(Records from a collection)
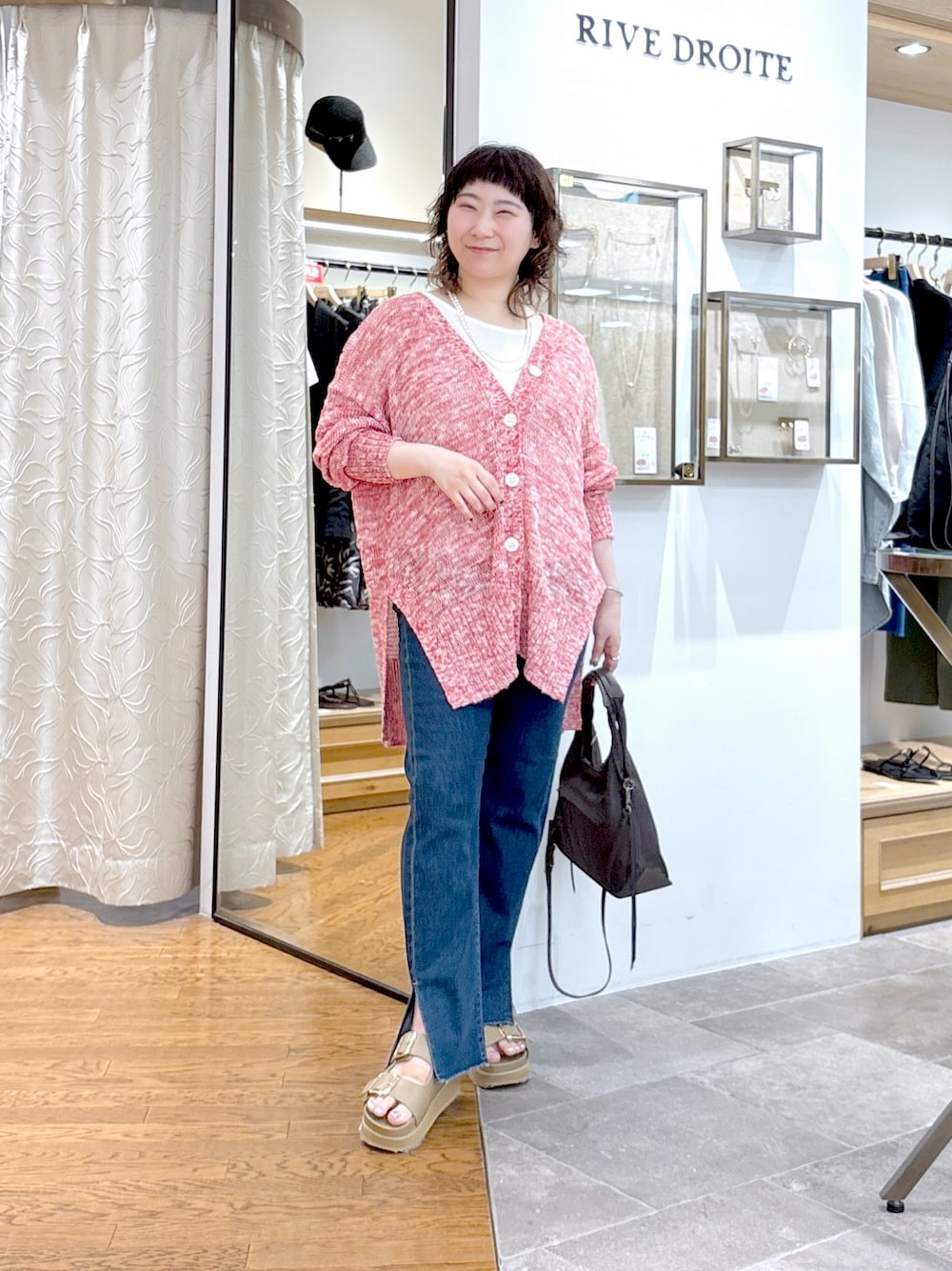 #158㌢ #骨格ストレート 【カーディガン】Fサイズ / レッド 毎年人気のサイドスリットカーデが 素材を変えてリニューアル! 前後2WAYで着用OK 通気性の良い素材で春・夏・秋と インナー次第でロングシーズン着回しできる 着痩せカーディガンです◎ ※サイズは昨年までのサイドスリットカーデと同じですが、自重が違うので着用丈が短く感じられる可能性があります 【タンクトップ】Fサイズ / オフホワイト リラックス感のある大人タンク! カジュアルすぎず、1枚でもインナーでも着回せる万能トップスです! 程よくゆとりのあるシルエットで、肩まわりもラクに◎ 首元はボートネック仕様で、デコルテをきれいに見せてくれます! ラウンドヘムでインしなくてもバランス良く着られるのも嬉しいポイント! 色違いでレイヤードして楽しむのもおすすめです! 【デニム】Lサイズ / ネイビー MONN定番ボトムのslitDENIMに ストレッチ入りバージョンが登場! すっきりとした美しいシルエットながらも ストレッチ素材で動きやすさ抜群◎ 美脚見え間違いなしなおすすめデニムです! ※定番のslitDENIMよりもコンパクトなサイズ感です 【サンダル】Lサイズ / ベージュ タウンユースにもぴったりな、デザインサンダル! 程よい厚底とWバックルの存在感が、足元にアクセントをプラス◎ カジュアルすぎず、女性らしさもキープできる絶妙なバランスが魅力です! 柔らかいソール&太めのストラップでフィット感があり、歩きやすさも抜群! フレアスカートやワンピースの“はずしアイテム”としてもおすすめです! M:23.5cm ピッタリフィット L:24.5cm 若干ゆとりあり
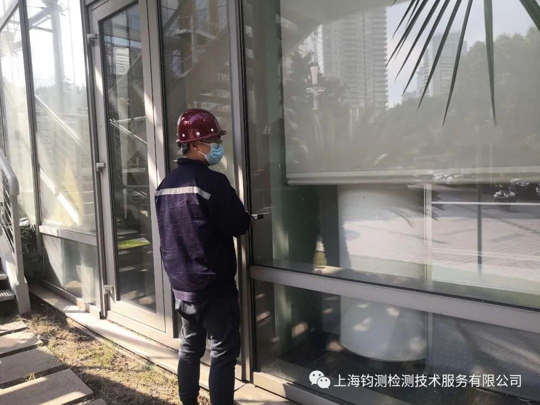 我们先从外部玻璃幕墙进行检测,两位工程师分头行动,对玻璃幕墙面板,受力构件,密封胶,结构胶,连接件的损坏部位,范围和程度进行仔细检查和记录,内部的检测对玻璃的3c标志,中间的小气泡,钢柱间的焊缝连接,房屋楼顶的渗水情况都做了详细的了解,每一个检测部位都使用了不同的仪器。
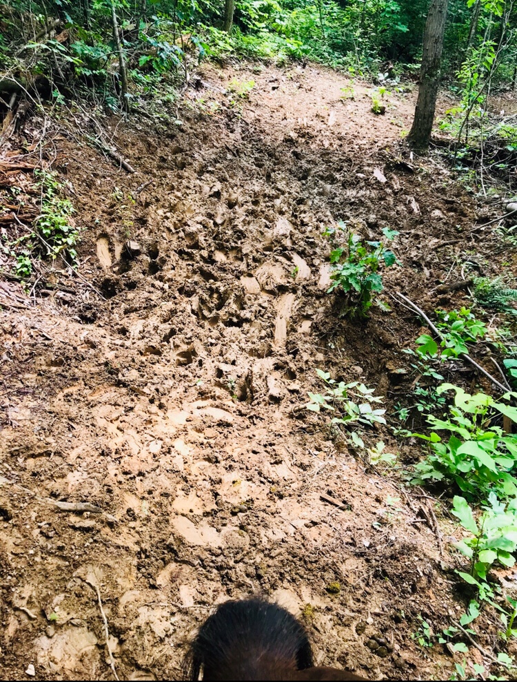 At one point I put on her front boots as we were high enough that the trail wasn’t mucky. That helped pick up some more speed through hard pack and light rocks- until the mire of death appeared.
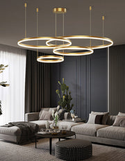 • Description: Golden LED chandelier featuring 4 large rings emitting warm white light
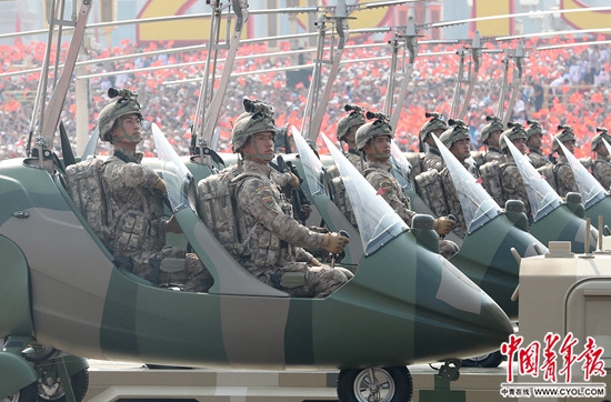 10月1日,庆祝中华人民共和国成立70周年大会上,装备方队官兵身着新式迷彩服接受检阅。中国青年报·中国青年网记者 赵迪/摄

Task statement:
Your answer should be an exact copy of the records above, with no pictures in it.

Task response:
 #158㌢ #骨格ストレート 【カーディガン】Fサイズ / レッド 毎年人気のサイドスリットカーデが 素材を変えてリニューアル! 前後2WAYで着用OK 通気性の良い素材で春・夏・秋と インナー次第でロングシーズン着回しできる 着痩せカーディガンです◎ ※サイズは昨年までのサイドスリットカーデと同じですが、自重が違うので着用丈が短く感じられる可能性があります 【タンクトップ】Fサイズ / オフホワイト リラックス感のある大人タンク! カジュアルすぎず、1枚でもインナーでも着回せる万能トップスです! 程よくゆとりのあるシルエットで、肩まわりもラクに◎ 首元はボートネック仕様で、デコルテをきれいに見せてくれます! ラウンドヘムでインしなくてもバランス良く着られるのも嬉しいポイント! 色違いでレイヤードして楽しむのもおすすめです! 【デニム】Lサイズ / ネイビー MONN定番ボトムのslitDENIMに ストレッチ入りバージョンが登場! すっきりとした美しいシルエットながらも ストレッチ素材で動きやすさ抜群◎ 美脚見え間違いなしなおすすめデニムです! ※定番のslitDENIMよりもコンパクトなサイズ感です 【サンダル】Lサイズ / ベージュ タウンユースにもぴったりな、デザインサンダル! 程よい厚底とWバックルの存在感が、足元にアクセントをプラス◎ カジュアルすぎず、女性らしさもキープできる絶妙なバランスが魅力です! 柔らかいソール&太めのストラップでフィット感があり、歩きやすさも抜群! フレアスカートやワンピースの“はずしアイテム”としてもおすすめです! M:23.5cm ピッタリフィット L:24.5cm 若干ゆとりあり
 我们先从外部玻璃幕墙进行检测,两位工程师分头行动,对玻璃幕墙面板,受力构件,密封胶,结构胶,连接件的损坏部位,范围和程度进行仔细检查和记录,内部的检测对玻璃的3c标志,中间的小气泡,钢柱间的焊缝连接,房屋楼顶的渗水情况都做了详细的了解,每一个检测部位都使用了不同的仪器。
 At one point I put on her front boots as we were high enough that the trail wasn’t mucky. That helped pick up some more speed through hard pack and light rocks- until the mire of death appeared.
 • Description: Golden LED chandelier featuring 4 large rings emitting warm white light
 10月1日,庆祝中华人民共和国成立70周年大会上,装备方队官兵身着新式迷彩服接受检阅。中国青年报·中国青年网记者 赵迪/摄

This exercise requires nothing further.